YOUR INSTRUCTIONS:
Each line from the one containing "El IES Azuer" through the last line of the data below should be printed exactly, please, with any pictures omitted.

DATA SECTION:

'''

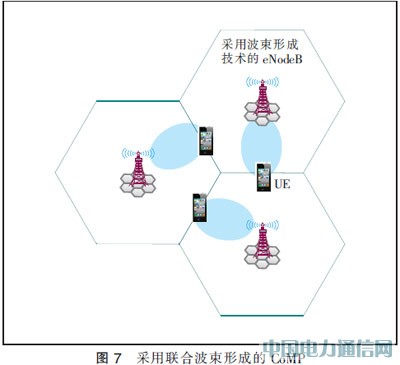 (a)聯合調度/波束形成,在這種方案中,實際傳輸僅來自于單個蜂窩/扇區,且性能優勢是通過與其他蜂窩進行協同得到的。在協同波束形成的情形中,目標是采用某種方式來引導在重疊時間/頻率資源調度的波束。在這種方式中,能夠進行數據傳輸,且可以避免空域內的干擾,如圖7所示。此處面臨的挑戰與精確環境信息的可用性有關,該信息支持eNodeB處的智能決策。
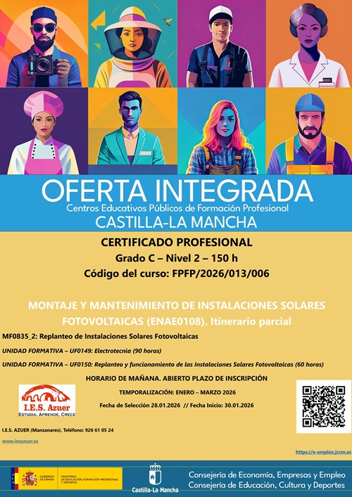 El IES Azuer (Manzanares) abre el plazo de inscripción para el Certificado Profesional de Montaje y Mantenimiento de Instalaciones Solares Fotovoltaicas (ENAE0108), una formación oficial y gratuita, orientada a uno de los sectores con … Leer más
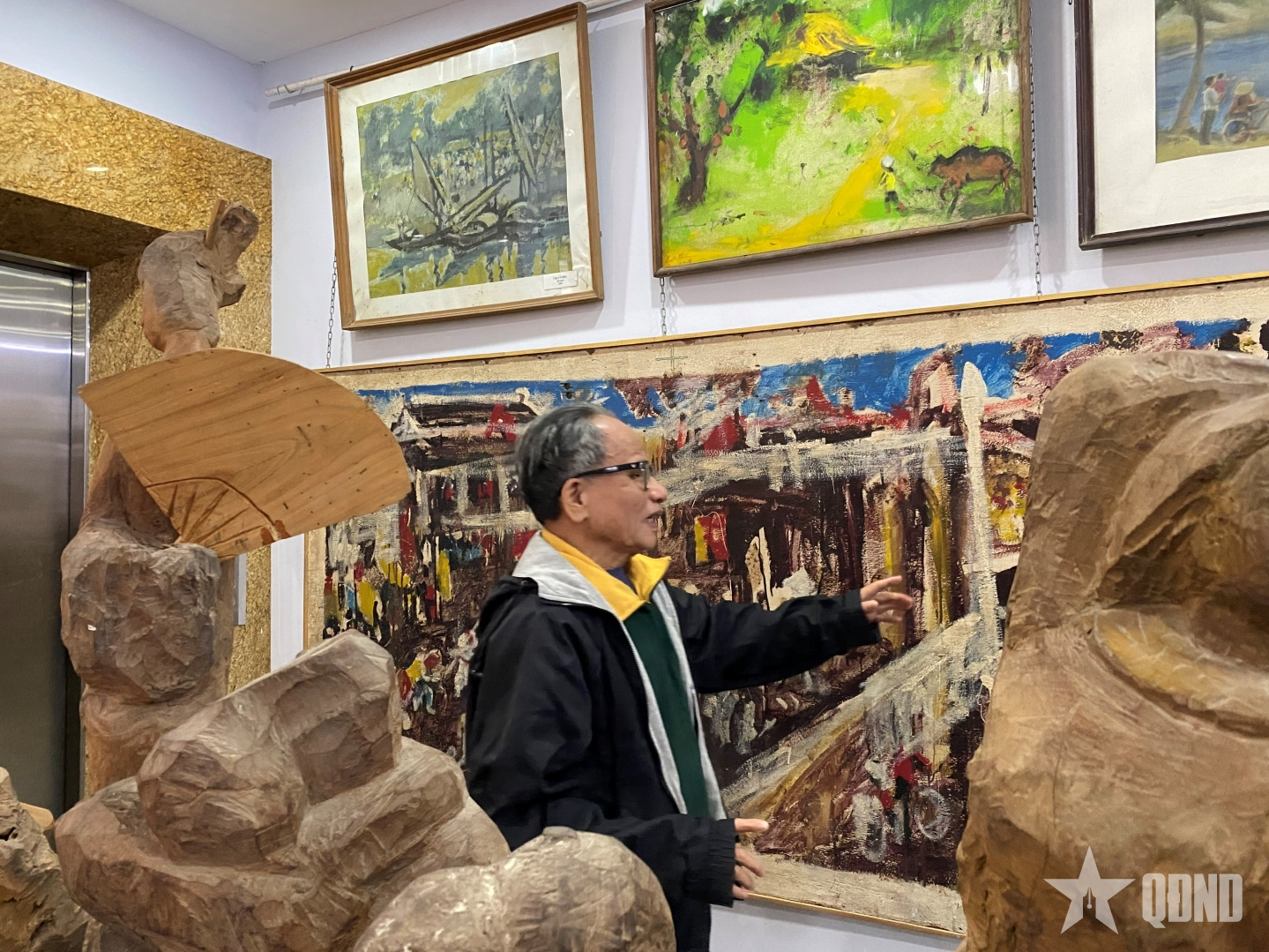 Đại tá, Anh hùng LLVT nhân dân, họa sĩ Lê Duy Ứng giới thiệu các tác phẩm được trưng bày tại nhà. Ảnh: DƯƠNG THU
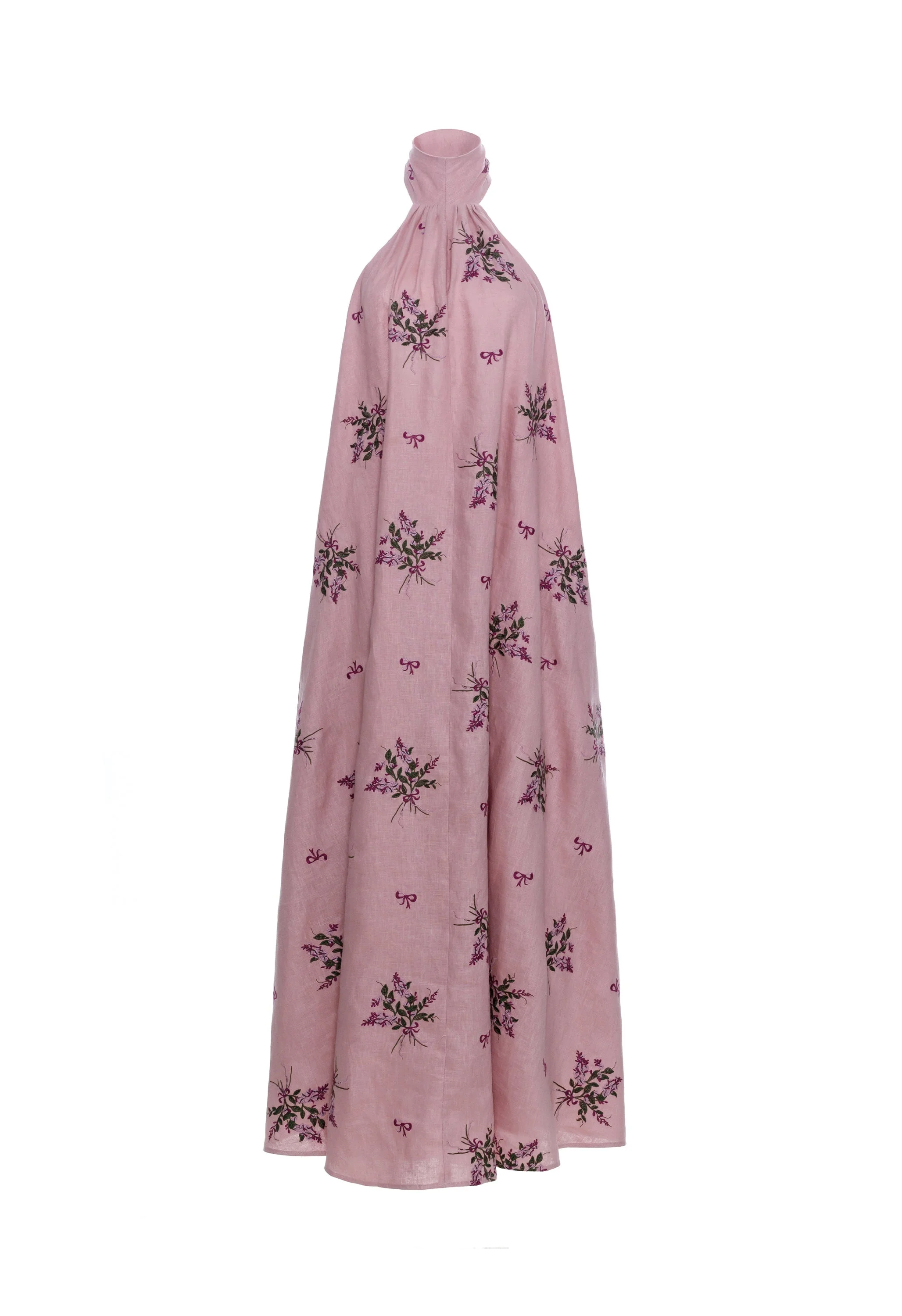 Our new ´Efimero Wisteria´ maxi dress is the epitome of sophistication with it’s fully embroidered fabric and a high neckline accompanied by a bow detail that drapes elegantly over the shoulder. With a floral print on pink hues, this piece is perfect formal occasions or garden soirees. - Fully embroidered - New silhouette - Maxi length - Lining included - mono COMPOSITION 100% Linen SIZE & FIT Isabella is 179 cm / 5´9 and is wearing a size extra small

'''

PROBLEM SOLUTION:
 El IES Azuer (Manzanares) abre el plazo de inscripción para el Certificado Profesional de Montaje y Mantenimiento de Instalaciones Solares Fotovoltaicas (ENAE0108), una formación oficial y gratuita, orientada a uno de los sectores con … Leer más
 Đại tá, Anh hùng LLVT nhân dân, họa sĩ Lê Duy Ứng giới thiệu các tác phẩm được trưng bày tại nhà. Ảnh: DƯƠNG THU
 Our new ´Efimero Wisteria´ maxi dress is the epitome of sophistication with it’s fully embroidered fabric and a high neckline accompanied by a bow detail that drapes elegantly over the shoulder. With a floral print on pink hues, this piece is perfect formal occasions or garden soirees. - Fully embroidered - New silhouette - Maxi length - Lining included - mono COMPOSITION 100% Linen SIZE & FIT Isabella is 179 cm / 5´9 and is wearing a size extra small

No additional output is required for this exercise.